Todd Bennett

Personal information
- Nationality: British (English)
- Born: 6 July 1962 Southampton, England
- Died: 16 July 2013 (aged 51) Southampton, England

Sport
- Sport: Athletics
- Event: Sprints / 400m
- Club: Southampton & Eastleigh A.A.C./Team Solent

Medal record
Men's athletics
Representing United Kingdom
Olympic Games
| Silver medal – second place | 1984 Los Angeles | 4×400 m |
World Championships
| Bronze medal – third place | 1983 Helsinki | 4×400 m |
European Championships
| Silver medal – second place | 1982 Athens | 4×400 m |
Representing England
Commonwealth Games
| Gold medal – first place | 1982 Brisbane | 4×400 m |
| Gold medal – first place | 1986 Edinburgh | 4×400 m |
| Silver medal – second place | 1986 Edinburgh | 200 m |

= Todd Bennett =

British sprinter (1962–2013)

Todd Anthony Bennett (6 July 1962 - 16 July 2013) was a British athlete who competed mainly in the 400 metres. He competed at the 1984 Summer Olympics and the 1988 Summer Olympics.

== Biography ==
Bennett competed for Great Britain in the 1984 Summer Olympics held in Los Angeles, United States, in the 4 × 400 metre relay where he won the silver medal with his teammates Kriss Akabusi, Garry Cook and Philip Brown.

Bennett's international career started in 1981 where he took the 400 m title at the European Junior Championships as well as forming one quarter of the silver medal-winning 4 × 400 m squad.

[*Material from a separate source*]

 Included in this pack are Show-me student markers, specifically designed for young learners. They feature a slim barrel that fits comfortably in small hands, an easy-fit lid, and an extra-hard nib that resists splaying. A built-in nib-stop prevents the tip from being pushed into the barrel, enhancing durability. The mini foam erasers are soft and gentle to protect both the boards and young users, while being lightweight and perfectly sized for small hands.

His success at these championships marked the start of a decade at the top of his sport in which he attended all major championships both indoor and outdoor. Perfectly proportioned for running indoors, Bennett was European Indoor Champion over 400 m in both 1985 and 1987 and also took a silver medal over 400 m at the World Indoor Championships in 1985. This was the same year that he also became World Indoor Record Holder for the 400 m in 45.56 seconds.

During his career Bennett competed in three Commonwealth Games Championships. At the 1982 Commonwealth Games in Brisbane, Australia, he competed for England over 400 m where he was placed 5th and was a member of the gold medal-winning 4 × 400 m squad. Four years later he represented England at the 1986 Commonwealth Games in Edinburgh, Scotland, where he was second in the 200 metres. In his final Commonwealth Games in 1990 in Auckland, New Zealand, he finished 8th in the 400 metres.

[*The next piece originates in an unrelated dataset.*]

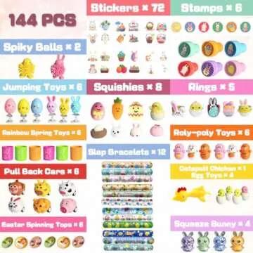 Show more Step into a vibrant world of fun and excitement with our extensive Easter Toy Set, featuring a dazzling array of 144 unique pieces that promise to bring delight and engagement to every child's Easter experience. This extraordinary collection includes everything from stickers, stamps, and jumping toys, to rainbow spring toys, squishies, spiky balls, and even pull-back cars. Each toy is designed with creativity and joy in mind, ensuring a perfect fit for children’s various interests. An innovative selection of catapult chicken and egg toys adds a unique twist that sets this set apart from standard offerings, sparking lively interactions and excitement during playtime.

Throughout his career, Bennett was a central member of the Great Britain 4 × 400 m squad. As a member of this squad, he attended two Olympic Games in 1984 (2nd) and 1988 (5th) and two World Championships in 1983 (3rd) and 1987 (2nd). He also attended four Europa Cup competitions as part of this squad and in his four appearances obtained three gold medals.

== Coaching ==
After retirement from competition, Bennett maintained his links with athletics. He worked with the Great Britain Junior Athletics Team and for four years was their Team Manager. From 2003 Bennett worked as the National 400 m event coach for the Senior women and was in Athens, Greece when the team came 4th, running the fastest time by a British team for ten years. During this period Bennett also coached his own group of athletes, several gaining international honours.

Bennett died from cancer on 16 July 2013.